I was in a sailing race up in Lake Placid, the 37th annual Clamato Regatta (aka the Annual Lake Placid Invitational), in which Sunfish sail under the maxim "Perfecting the art of drunken sailing." Back in '98, my beloved sailing partner and I came in second during a fierce wind, narrowly beaten after the third buoy at which we were most cruelly fouled. We didn't want to win in a protest, so we nursed our ambition and have tried to regain the title every year since (with the exception of a couple years when I was fat with child).

This year's race was a series of misadventures from start to finish. While raising the sail, knee-deep in rocky muck, I yanked the mast out of its socket and it fell smack onto the deck of the Sunfish, narrowly missing my friend's head. In a stealth move, we tried to slither up the shore (me towing the boat) before the starting gun, so we'd be in prime position to cross the starting line. But the wind caught the sail and we almost careened into a nearby dock, whereupon two old biddies leaped out, shrieking in a panic. "You're hooked on the ladder!" one of them yowled. "Let go of your mainsail!" the other screamed.
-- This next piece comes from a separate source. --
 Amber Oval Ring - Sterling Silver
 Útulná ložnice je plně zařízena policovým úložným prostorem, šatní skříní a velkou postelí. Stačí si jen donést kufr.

So frenzied and panicked were they that we shoved off from their dock, right in the wrong direction to begin the race. "Save the drama for your mama!" I snarked at the oldest bat--an amusing choice of verbiage considering she was around 89 years old.
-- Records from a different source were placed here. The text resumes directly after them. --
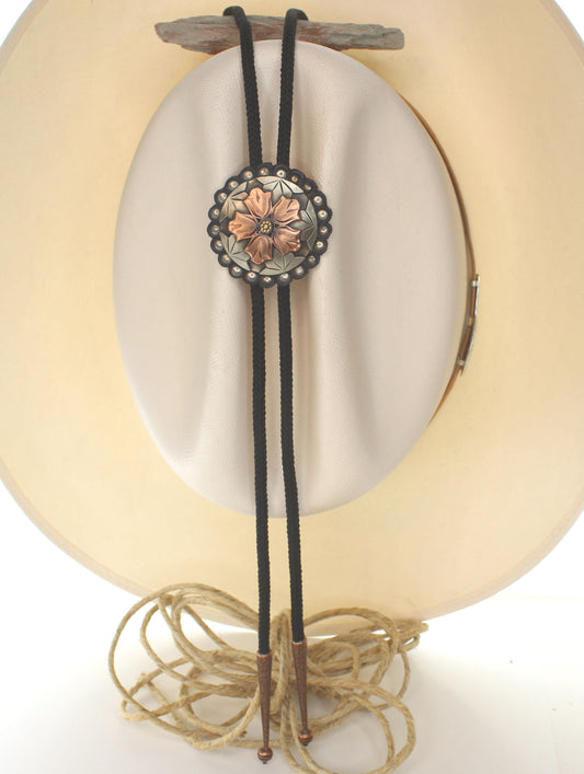 50mm Southwestern Cactus Bolo Tie, with brown cord, made in USA, each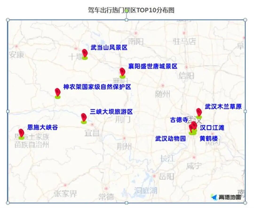 高德地图预测,国庆假期,武汉黄鹤楼景区出行热度最高,其次是三峡大坝旅游区、恩施大峡谷、武当山风景区、襄阳盛世唐城景区、古德寺、武汉动物园、武汉木兰草原、神农架国家级自然保护区、汉口江滩等。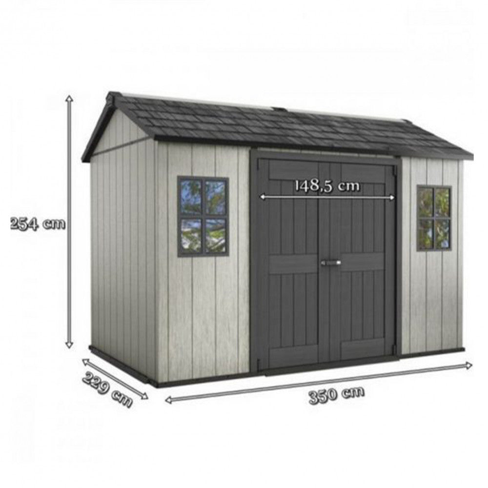 A Keter Oakland 1175 kerti ház szilárd műanyagból készül. A magassága 242 cm magas, 350 cm széles és 229 cm mély. A ház maximum fehasználási területe 6,5 m2 ! Ez a gyártó által javasolt modellek közül a legnagyobb, minden bizonnyal elfér minden benne, ami a kert szépítéséhez szükséges.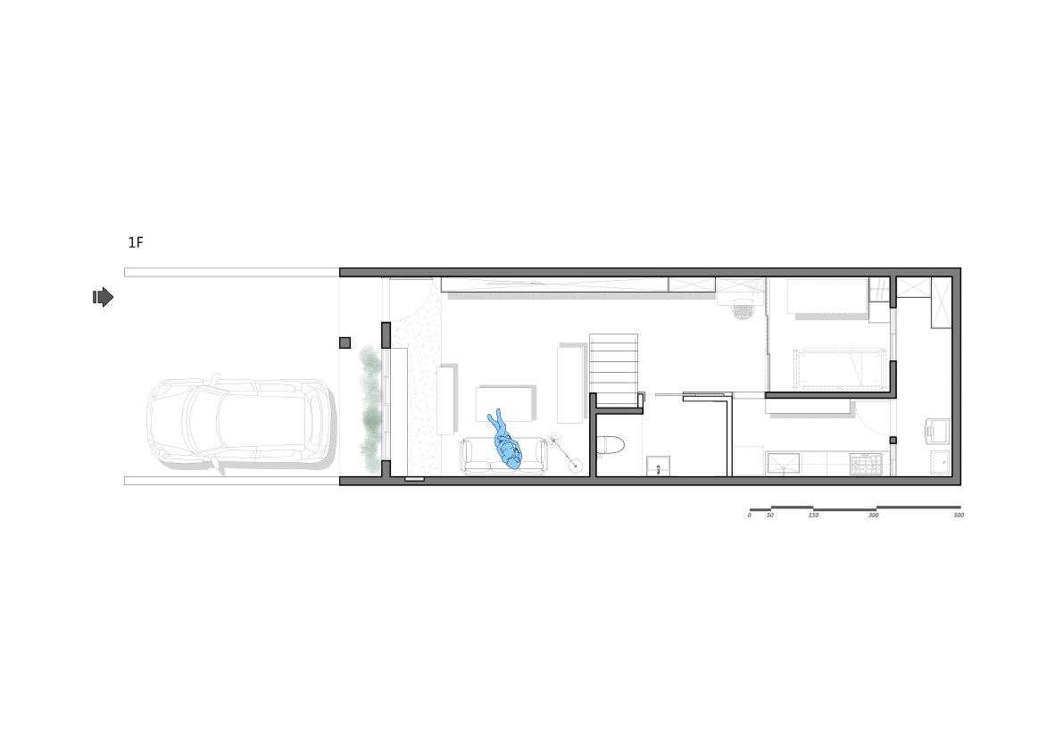 The case applied the home caregivers' angle to start reminding us of the focus of primary users in the caring domestic space. We focus on two circulations in the space, caring and living.

Gearing up to begin the race, I crawled up to the bow to assess the situation (which was grim--almosy every boat was now ahead of us). As I crouched there, the rigging came undone and the boom fell and thwacked me on the head. I swore I had tied it properly! By the time the starting cannon went off, we were in about as pitiful a position as possible. I managed to raise the sail, but boats were already streaming toward the first buoy. And, we were stuck in irons.

Very depressed and angry and deep into a bottle of Nuclear "Clamato" Bloody Mary, we chased the pack without any success. We tried to keep our spirits up by announcing our boat number as we rounded each buoy; none was there to hear it but the still and silent trees. (It is called Lake Placid for a reason.) By the time we got to the third buoy we were in a pack of about 5 losers who couldn't seem to manage to round it. Suddenly, a gust of wind blew from the heavens! We came about...and immediately flipped and dumped into the water. We both fell into the drink along with the bottle of Clamato (it was rescued). And I was wearing my new Lilly Pulitzer shorts! Freezing and wet, we righted her and continued the race--but this time in much higher spirits. So lame was our plight now that only humor was an option. Our laughter echoed around the lake. Sunburnt and awash with Bloody Marys, we finally crossed the finish line with a handful of vessels behind us. The glorious etched plates, that were the prizes, were now out of our reach, but our dignity was almost intact.

Until, diving into a boathouse to change into warm clothes, shivering and nearly insensible with cold, I chose an innocuous spot in a corner in which to strip down to my nothings--revealing a bare, white butt for all the party to view, framed by the clear glass window that I had failed to notice behind me.